Mine had white stickers, but it's my main speedcube (textured tiles now) and I wouldn't trade it for anything else. It's just better quality. Turns really smoothly, never pops (maybe 5 times in the last 4 years)... what more could you ask for?


----------



## Deleted member 2864 (Aug 10, 2009)

Exactly what D sprink said =D 

I'm pretty sure it also comes with a silver side too.


----------



## Ton (Aug 10, 2009)

CuberDude said:


> I've seen some people using a Rubik's 25th Anniversay cube as their main speedcube. (like Thrawst).
> I'm pretty interested in that cube because some people said that it's better than the regular ones. But what are the differences? I know it has silver stickers instead of white and has a special logo on it.

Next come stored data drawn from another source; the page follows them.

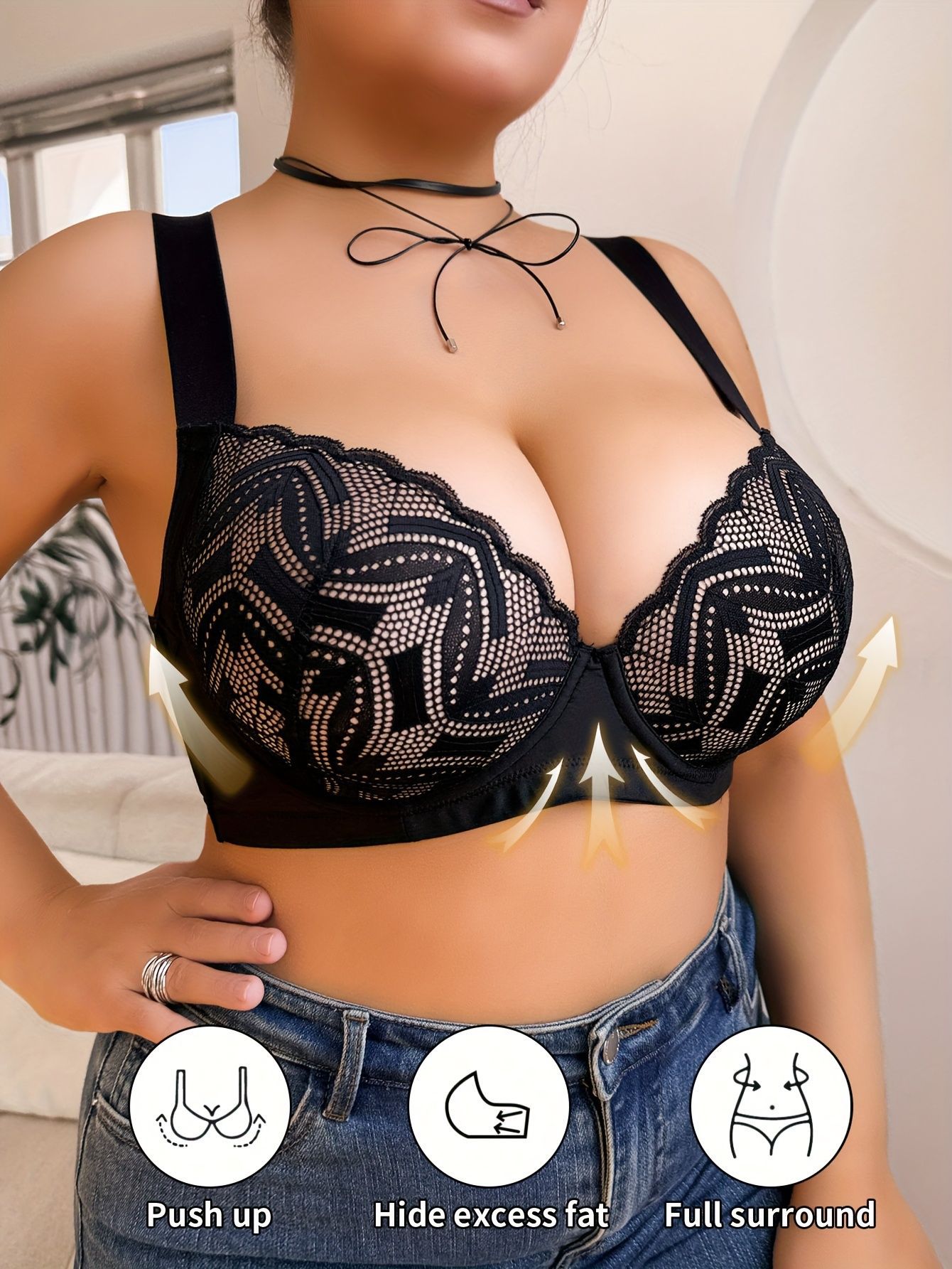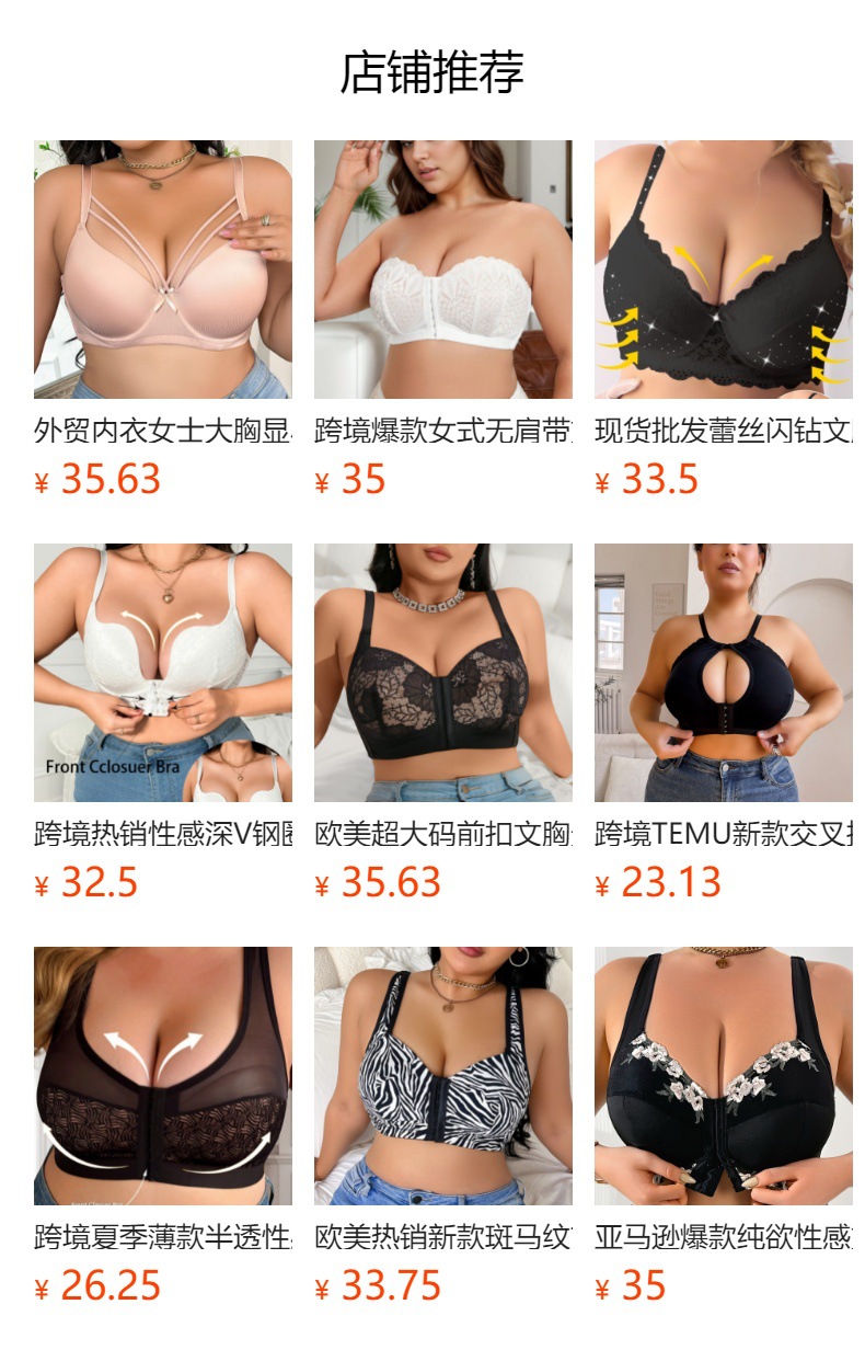 여성용 크로스보더 플러스 사이즈 레이스 섹시 속옷, 푸쉬업, 가슴축소, 처짐방지, 언더와이어브라, 딥브이브라스토어 가기
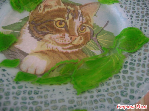 Теперь спешу показать, что у меня получилось. Итак, по совету Зиночки http://ozigoga.stranamam.ru/ наждачкой сняла слои лака и голубой краски. И сверху прошлась изумрудной краской. А также, как и советовали большинство девочек, добавила зелени: листья нарисовала зеленым контуром и покрыла красками по стеклу и керамике.
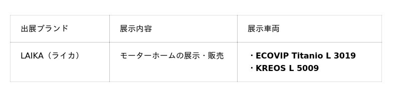 トイファクトリーが日本総代理店を務める“最高峰”ラグジュアリーモーターホームブランド「LAIKA(ライカ)」より日本国内で1台限りの限定車と、国内ラストストックとなる希少モデルの計2台を特別展示
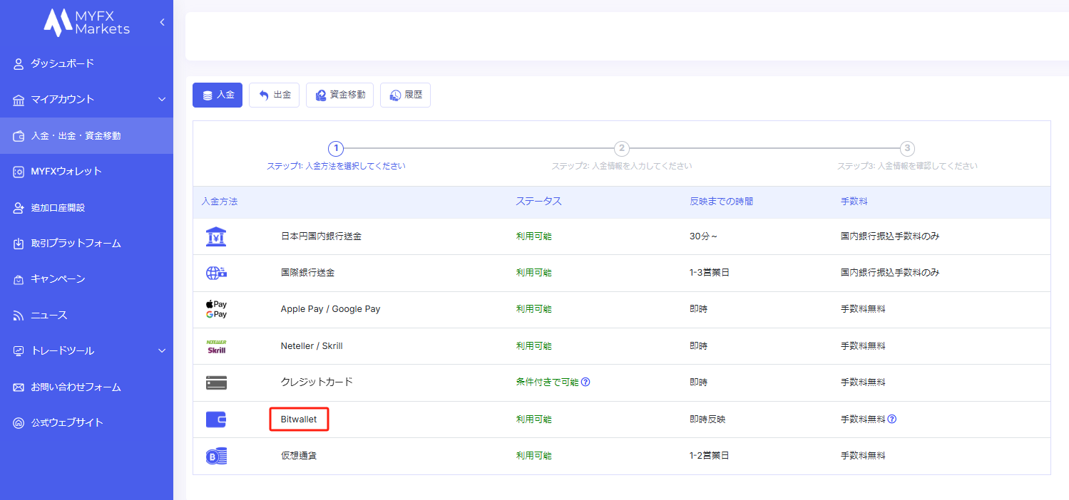 ログイン後、左側のメニューから「入金・出金・資金移動」を選択してください。 その後、入金方法の一覧から「Bitwallet」を選択してください。
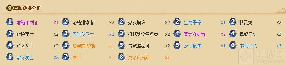 这套鱼龙骑的构筑思路,其实很像原来中速骑的构筑。就是在每个费用上,都填补起高质量的牌。用质量压倒对手。这套牌的清场组件只有单平等+单奉献组成,目的就是最大化的利用费用组织起场面。而且机械动物管理员和动物园魔法师也是能很好提升站场收益的两张随从。是我在新版本骑士的一个构筑思路。
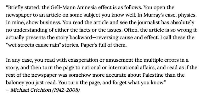 She's talking about avoiding gell-Mann amnesia in both areas. So it's not weird at all...
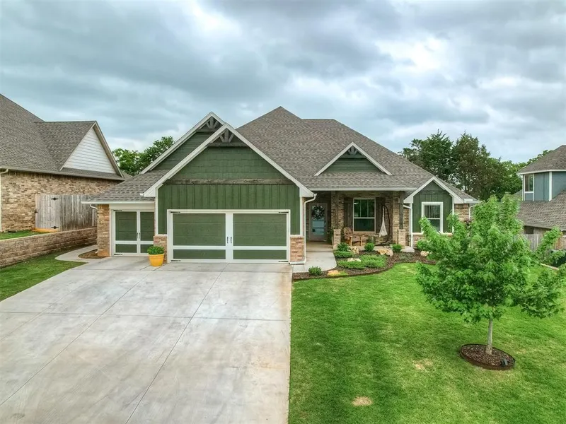 Located in the highly sought after Highgarden Addition, this home offers an ideal combination of luxury, practicality, & fantastic neighborhood amenities all within the Edmond School District. Just under 3,000 sq ft, this exquisite home sits on 1/4 of an acre and features 5 generously sized bedrooms, 3 full bathrooms, a flex room, 2 dining rooms, and a Study. It has an open concept floor plan and allows plenty of privacy for each area of the home. The living room features a gorgeous eye catching coffered style ceiling along with a centered fireplace that comes complete with a beautiful mantel. The kitchen features an 8ft island with seating, stainless appliances, a walk in pantry, and beautiful cabinetry all with gold accents. You will fall in love with the huge walk in closet located in the primary suite. It features built ins and connects to the oversized bathroom that features a ceramic tile walk in shower, a corner jetted tub, and his and her vanities. Upstairs you will discover a large flex space that could be used as a playroom, hobby space, movie room, whatever your heart desires. There are 2 bedrooms and 1 full bathroom located upstairs as well. You will certainly have fun entertaining on the oversized back patio that features a fireplace, a 10x10 concrete pad ready for a hot tub to be placed and hooked up (60 amp service has been ran), and additional concrete ready for your grill to have its own spot! The backyard has full privacy fencing. Some additional highlights to mention in this amazing home are window coverings throughout, instant hot water, upgraded door handles throughout, a 5 burner stove top, mud bench, an oversized 3 car garage that includes a storm shelter, and has a whole home air filtration system. Don't miss this wonderful opportunity to purchase a home with instant equity! Call for additional details and to set up your private showing today!
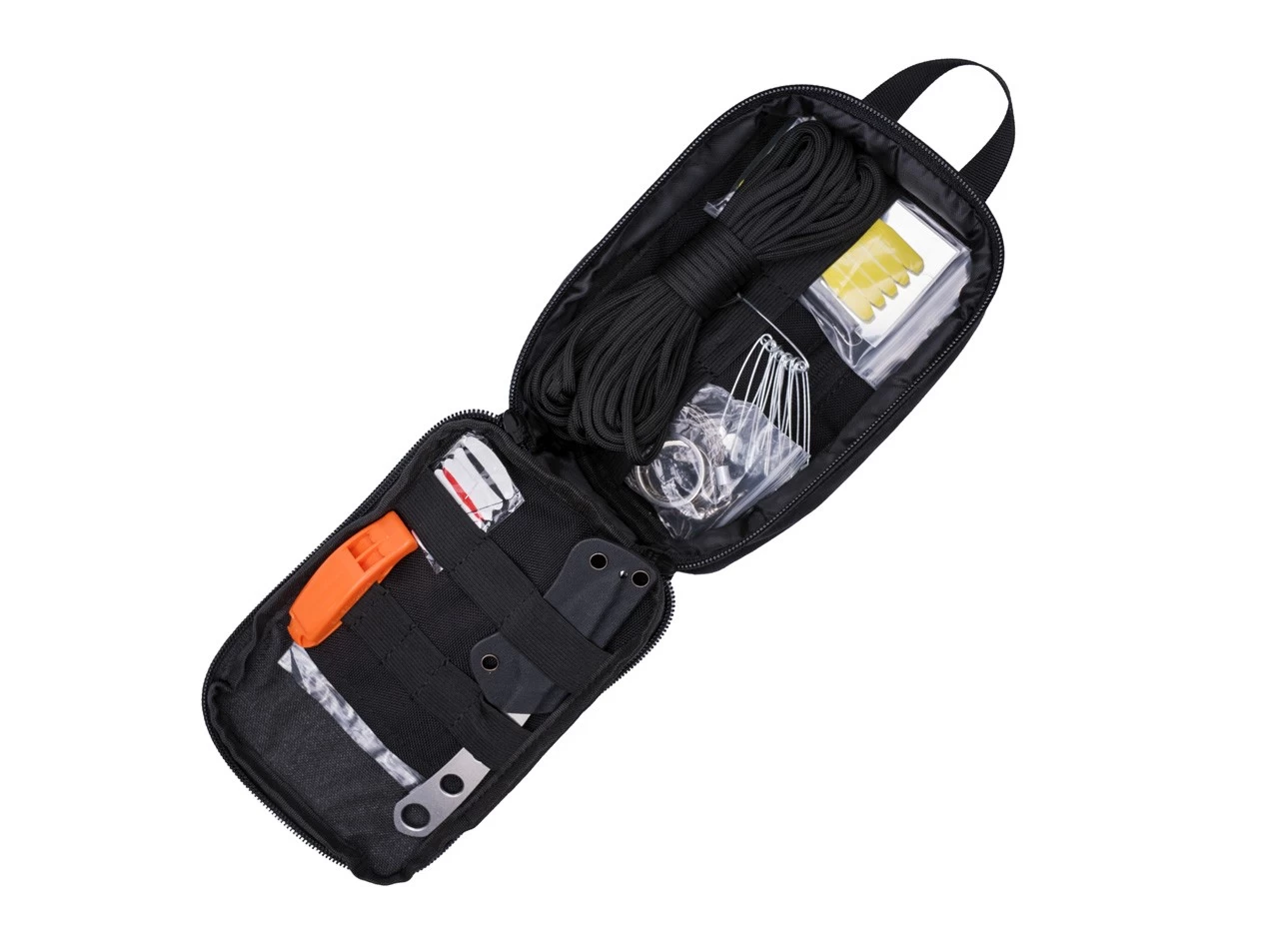 Mit dem praxistauglichen Survival Kit Elementary von Real Steel sind auch Einsteiger für alle Eventualitäten in der Wildnis gewappnet. Die hochwertige schwarze Tasche kann problemlos am Gürtel oder der Ausrüstung befestigt werden und beinhaltet neben dem Real Steel Marlin von Ostap Hel zahlreiche nützliche Ausrüstungsgegenstände: Einen Kompass, zehn Meter Paracord, einen Feuerstarter, eine Rettungsdecke, eine Signalpfeife, einen Signalspiegel, eine Laubsäge, vier Angelhaken, Angelschnur, Flickzeug und Sicherheitsnadeln. Insgesamt wiegt das Set dabei nur 400 Gramm. L x B x H: 14 cm x 19 cm x 5 cm

The 25th Anniversay cube is the same as any cube in the hexagon Packing , which using a different mold. They cubes in hexagon are better for speedcubing as before. The silver sticker cube insteqad of white is the Wallmarkt cube or the one from Disney. The Rubik in the hexagon packing has white stickers, with logo


----------



## how-to-solve-a-rubix (Aug 11, 2009)

well it`s mucg faster to scramble.
but personally i think they made this addition just to promote the cubes and not because there is something new to it


----------



## Me (Aug 11, 2009)

how-to-solve-a-rubix said:


> well it`s much faster to scramble.
> but personally i think they made this addition just to promote the cubes and not because there is something new to it



I agree, I feel that there really is no great difference between the cubes except perhaps a slightly different manufacturing process that enables the cubes to be faster out of the box. Mine is so worn down at this point that I can't really examine it to find differences.


----------